The failure in distribution of health care is
the product of our tacit acquiescence in the notion
that health care access rightly depends on ability
to pay. This idea has become, for many, a point of philosophical and ideological
zeal.
It is long past time we acknowledged that broad-based
access to health care will be an exceedingly
expensive proposition. We must rid ourselves
of the delusion that it is a business, like any other business.
The problem can be fixed. Forming a public consensus
on this matter is a mighty and politically
perilous challenge, requiring leadership and
the courage to state that adequate health care is an appropriate goal for
this country and a vital national investment. These are, indeed, treacherous
waters. Can we get away from the cliches about
"socialized medicine" and the hackneyed references
to overly bureaucratized, centralized, inefficient
postwar European health systems?
As world leaders in science, business and organizational
management, we are capable of something
new.
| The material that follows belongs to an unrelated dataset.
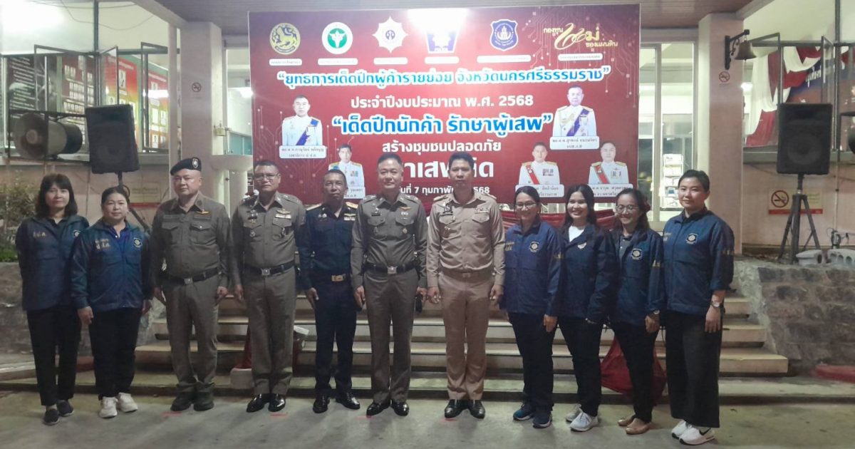 วันที่ 7 ก.พ. 68 เวลา 05.30 น. นายสุวัฒน์ จันทร์สุข รองผู้ว่าราชการจังหวัดนครศรีธรรมราช เป็นประธานในพิธีปล่อยแถวระดมกวาดล้างปิดล้อมตรวจค้นยึดทรัพย์สินเป้าหมายยาเสพติด ตามยุทธการ “เด็ดปีกผู้ค้ารายย่อย” โดยมี พล.ต.ต.จารุต ศรุตยาพร ผบก.ภ.จว.สตูล รรท.ผบก.ภ.จว.นครศรีธรรมราช , นายศิริวัฒนา ชาติภิรมย์ ผู้แทน ผอ.ปปส.ภาค.8

We should maintain our commitment to the
advancement of biomedical science for the public good and couple it with
the management skills that have created our vibrant, competitive economy,
and apply both in creating a national policy of investment in health.
John C. Baldwin is vice president for health affairs
at Dartmouth College and dean of its medical
school. C. Everett Koop is senior scholar at
the Koop Institute there and a former U.S. surgeon general.